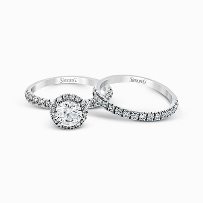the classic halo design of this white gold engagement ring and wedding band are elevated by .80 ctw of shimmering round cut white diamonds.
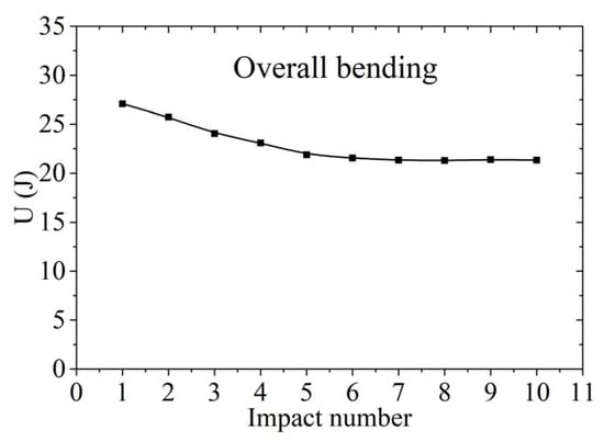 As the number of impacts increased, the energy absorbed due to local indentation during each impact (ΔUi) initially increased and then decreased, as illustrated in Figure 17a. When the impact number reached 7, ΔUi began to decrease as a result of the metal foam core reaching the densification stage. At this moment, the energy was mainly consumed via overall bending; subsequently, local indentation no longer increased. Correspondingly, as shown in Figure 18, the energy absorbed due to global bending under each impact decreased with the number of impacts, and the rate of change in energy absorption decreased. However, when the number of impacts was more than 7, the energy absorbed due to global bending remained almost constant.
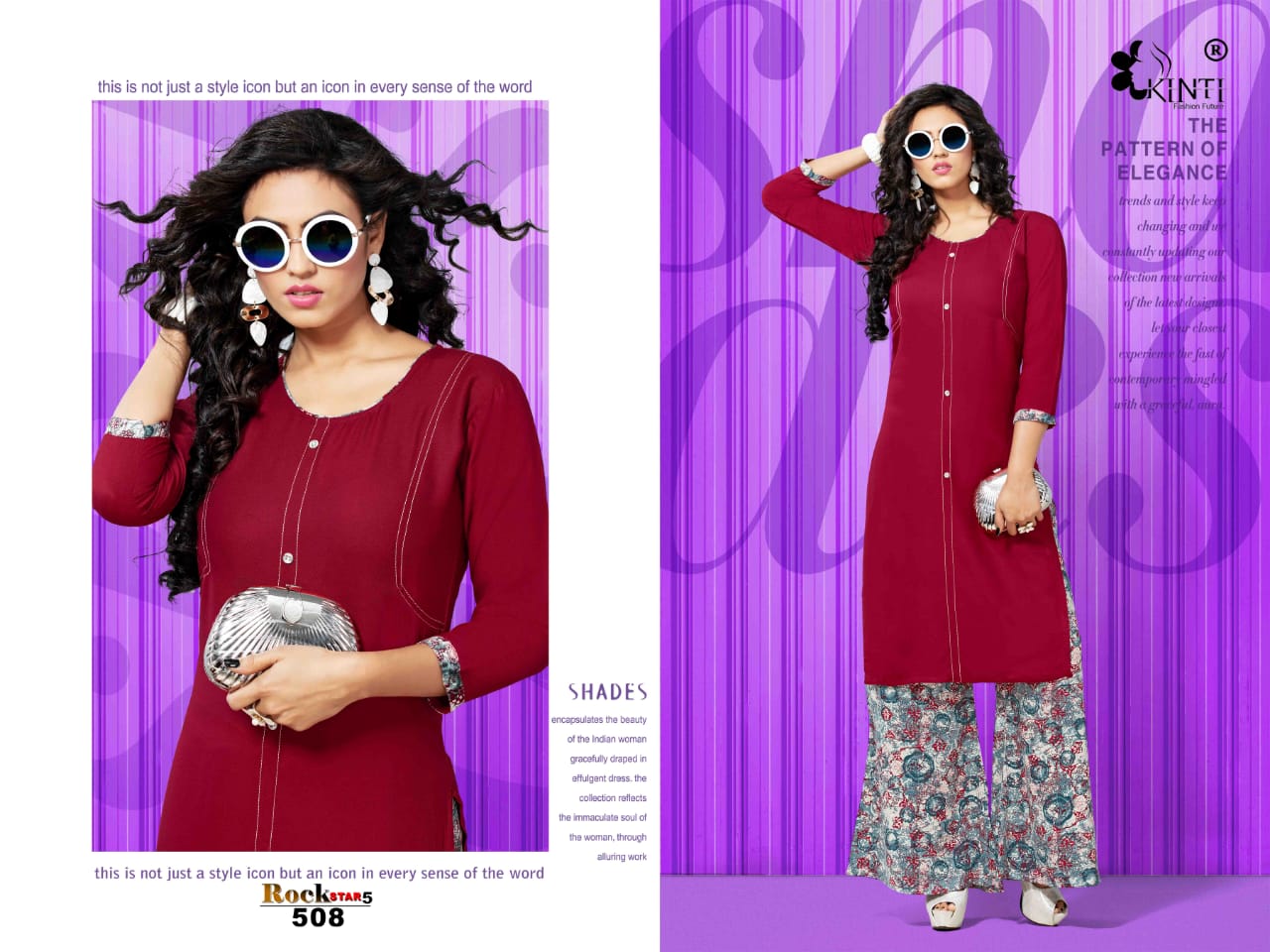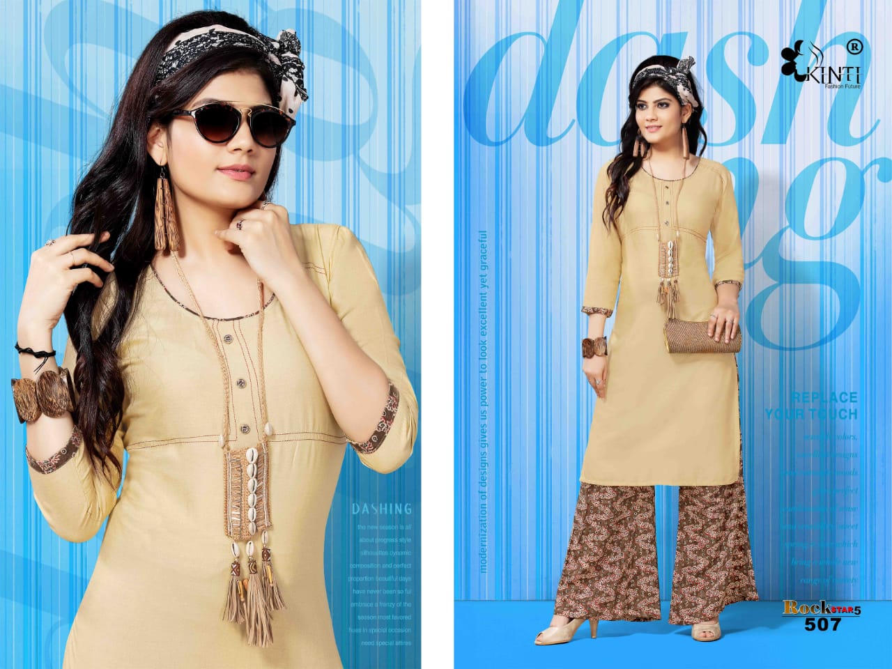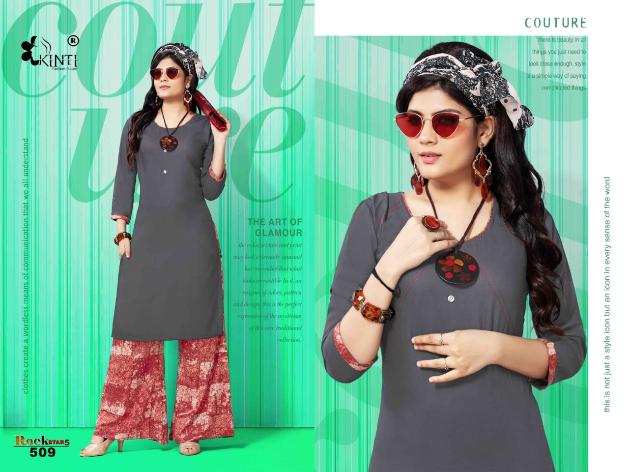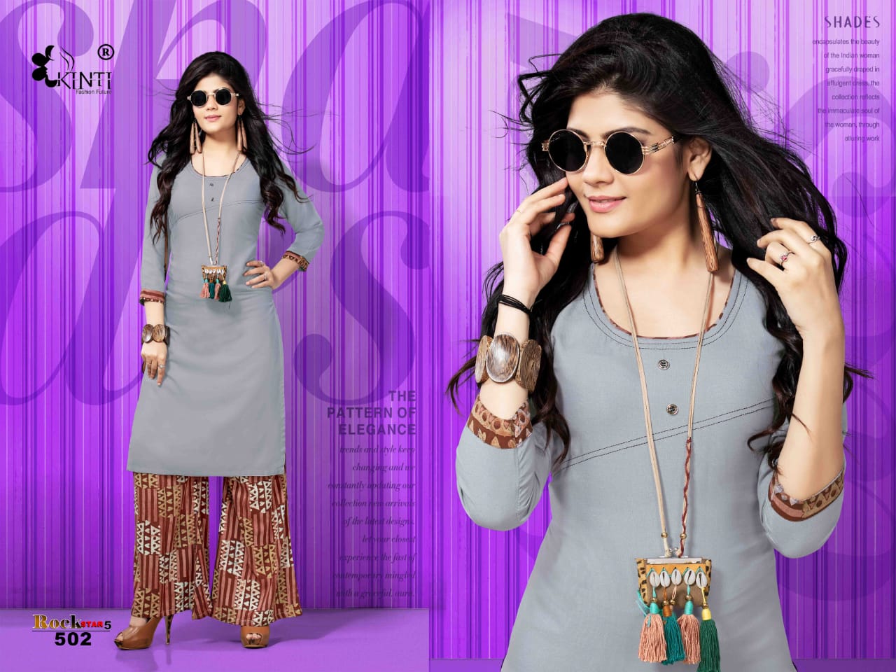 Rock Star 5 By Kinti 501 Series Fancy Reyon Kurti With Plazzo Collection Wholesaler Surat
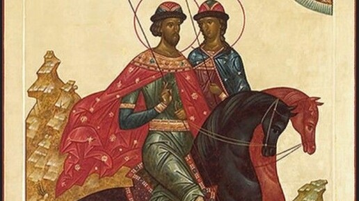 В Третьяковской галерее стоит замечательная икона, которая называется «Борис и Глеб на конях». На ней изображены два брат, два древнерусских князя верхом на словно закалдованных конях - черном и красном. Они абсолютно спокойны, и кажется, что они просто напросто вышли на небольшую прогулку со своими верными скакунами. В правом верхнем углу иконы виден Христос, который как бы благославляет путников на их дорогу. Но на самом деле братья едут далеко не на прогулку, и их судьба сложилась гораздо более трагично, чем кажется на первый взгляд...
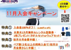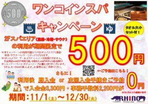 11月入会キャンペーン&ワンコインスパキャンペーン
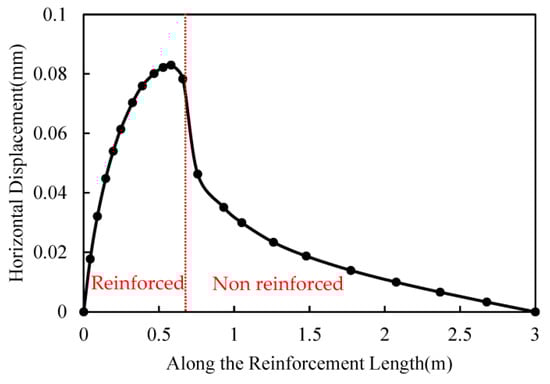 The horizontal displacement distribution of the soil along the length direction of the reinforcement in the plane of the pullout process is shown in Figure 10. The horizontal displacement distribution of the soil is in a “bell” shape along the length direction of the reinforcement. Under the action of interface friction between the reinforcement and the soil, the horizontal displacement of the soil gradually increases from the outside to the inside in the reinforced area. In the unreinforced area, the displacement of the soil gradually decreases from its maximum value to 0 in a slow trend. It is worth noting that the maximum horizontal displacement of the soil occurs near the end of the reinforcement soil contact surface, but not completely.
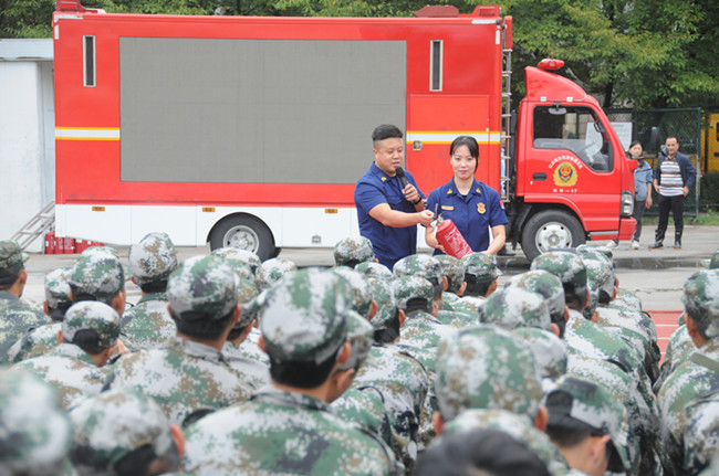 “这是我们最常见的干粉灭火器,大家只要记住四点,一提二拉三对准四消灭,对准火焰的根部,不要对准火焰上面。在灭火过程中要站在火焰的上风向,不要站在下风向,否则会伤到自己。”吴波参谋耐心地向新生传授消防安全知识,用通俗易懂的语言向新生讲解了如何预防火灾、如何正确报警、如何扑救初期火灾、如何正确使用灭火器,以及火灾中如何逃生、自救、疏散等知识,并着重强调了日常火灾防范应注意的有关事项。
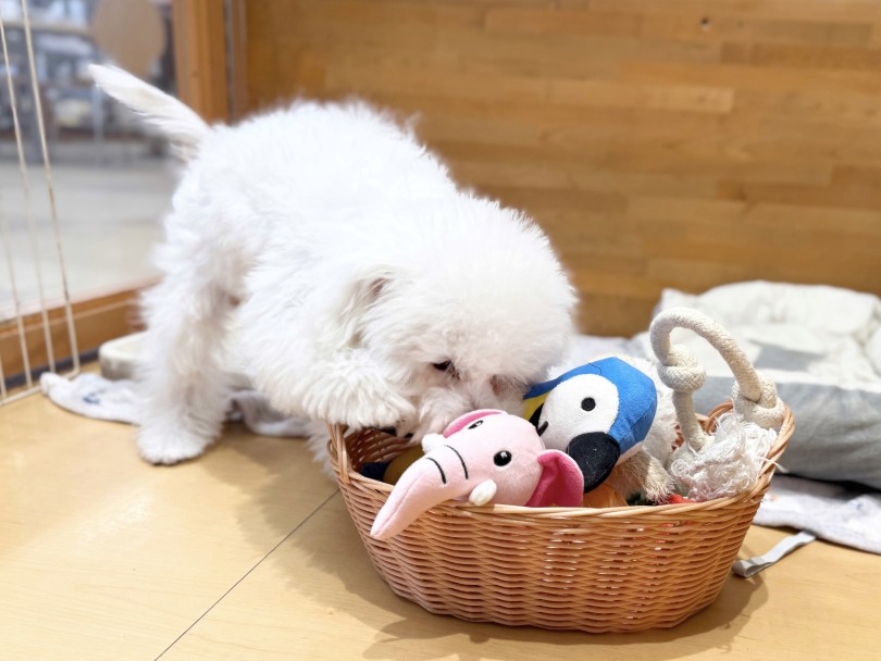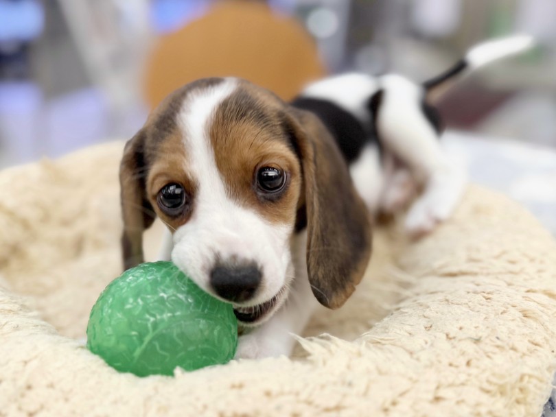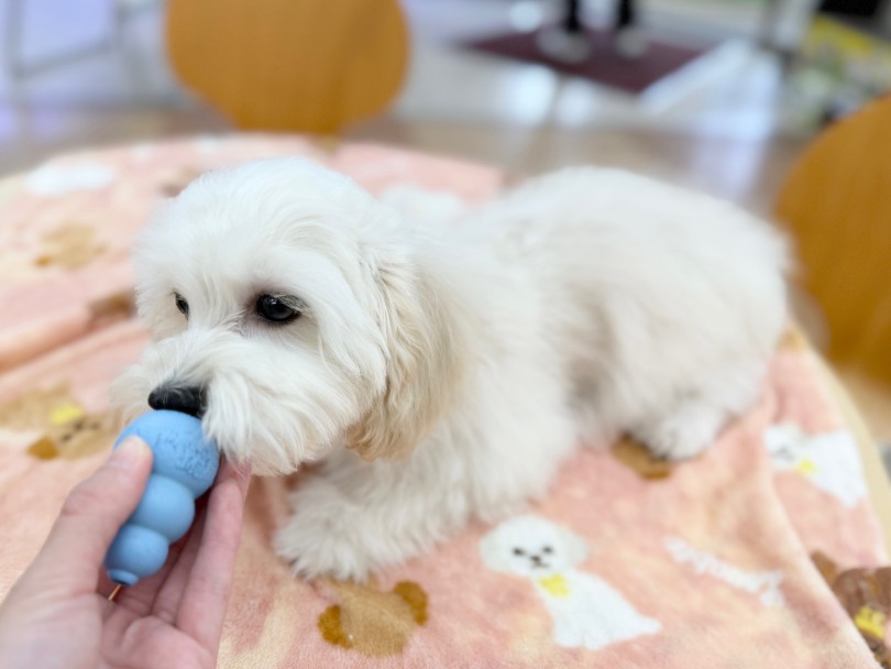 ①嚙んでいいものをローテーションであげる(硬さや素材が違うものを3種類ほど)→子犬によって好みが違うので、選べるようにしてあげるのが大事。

-=-=-=-=-

Word for word, restate the lines above from the one with "Rock Star 5" through the one with "11月入会キャンペーン&ワンコインスパキャンペーン", keeping both ends and dropping the pictures.

 Rock Star 5 By Kinti 501 Series Fancy Reyon Kurti With Plazzo Collection Wholesaler Surat
 В Третьяковской галерее стоит замечательная икона, которая называется «Борис и Глеб на конях». На ней изображены два брат, два древнерусских князя верхом на словно закалдованных конях - черном и красном. Они абсолютно спокойны, и кажется, что они просто напросто вышли на небольшую прогулку со своими верными скакунами. В правом верхнем углу иконы виден Христос, который как бы благославляет путников на их дорогу. Но на самом деле братья едут далеко не на прогулку, и их судьба сложилась гораздо более трагично, чем кажется на первый взгляд...
 11月入会キャンペーン&ワンコインスパキャンペーン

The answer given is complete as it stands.